:: ABOUT THIS EXERCISE ::
From the records below, transcribe only the lines running from the one with "Edexcel A Level" through the one with "Туллон, столик со". Keep both of those end lines.

:: MATERIAL PROVIDED ::
+ + + +

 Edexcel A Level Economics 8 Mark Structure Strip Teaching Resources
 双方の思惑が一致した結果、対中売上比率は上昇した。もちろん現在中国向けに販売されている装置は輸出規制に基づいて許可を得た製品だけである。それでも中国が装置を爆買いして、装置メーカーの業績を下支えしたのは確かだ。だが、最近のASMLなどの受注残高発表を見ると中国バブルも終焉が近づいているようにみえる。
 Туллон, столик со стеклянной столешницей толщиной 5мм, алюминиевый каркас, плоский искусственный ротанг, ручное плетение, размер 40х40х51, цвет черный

+ + + +

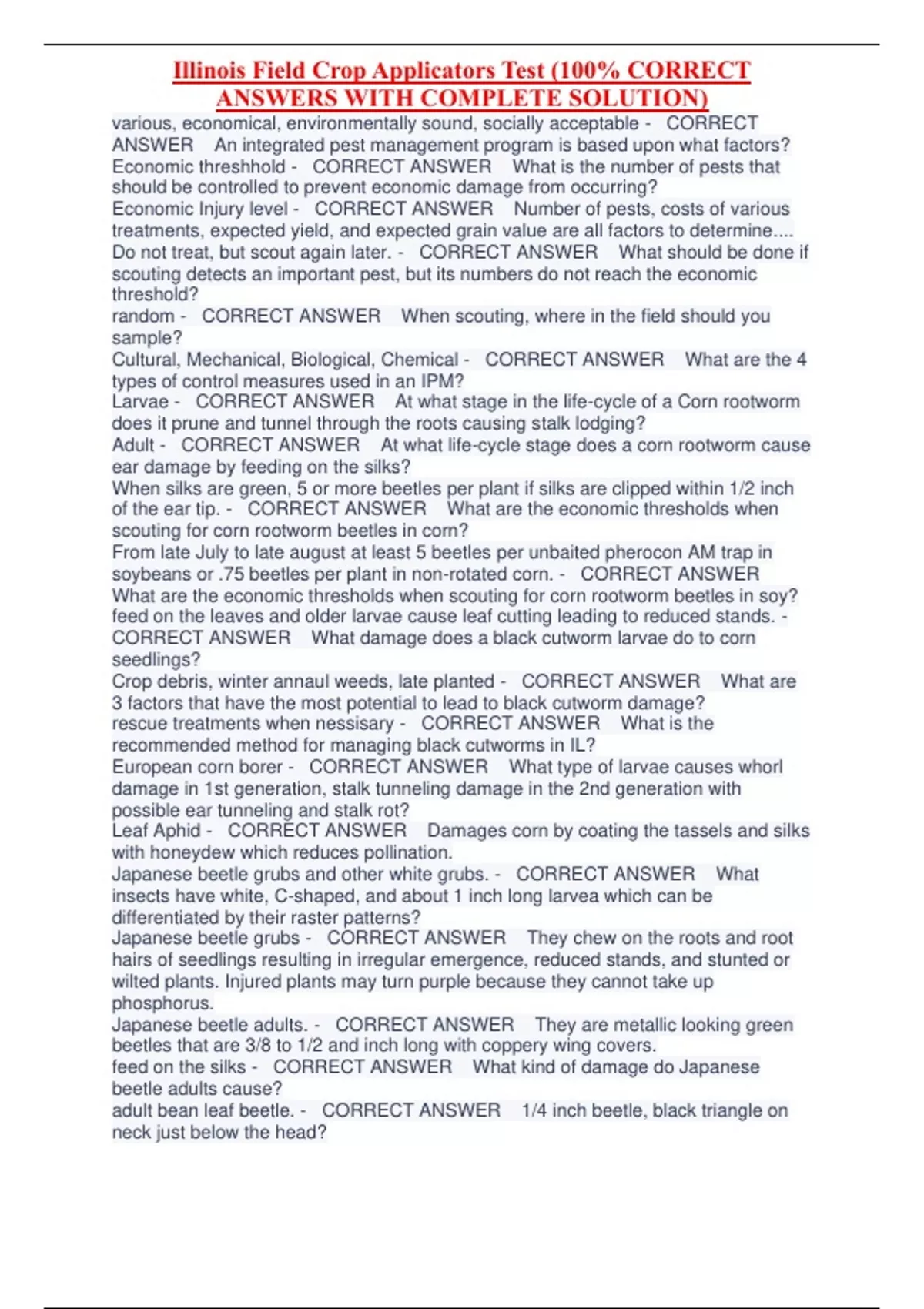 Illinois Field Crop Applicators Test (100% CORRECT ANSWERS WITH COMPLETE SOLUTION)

+ + + +

:: RESULT BELOW ::
 Edexcel A Level Economics 8 Mark Structure Strip Teaching Resources
 双方の思惑が一致した結果、対中売上比率は上昇した。もちろん現在中国向けに販売されている装置は輸出規制に基づいて許可を得た製品だけである。それでも中国が装置を爆買いして、装置メーカーの業績を下支えしたのは確かだ。だが、最近のASMLなどの受注残高発表を見ると中国バブルも終焉が近づいているようにみえる。
 Туллон, столик со стеклянной столешницей толщиной 5мм, алюминиевый каркас, плоский искусственный ротанг, ручное плетение, размер 40х40х51, цвет черный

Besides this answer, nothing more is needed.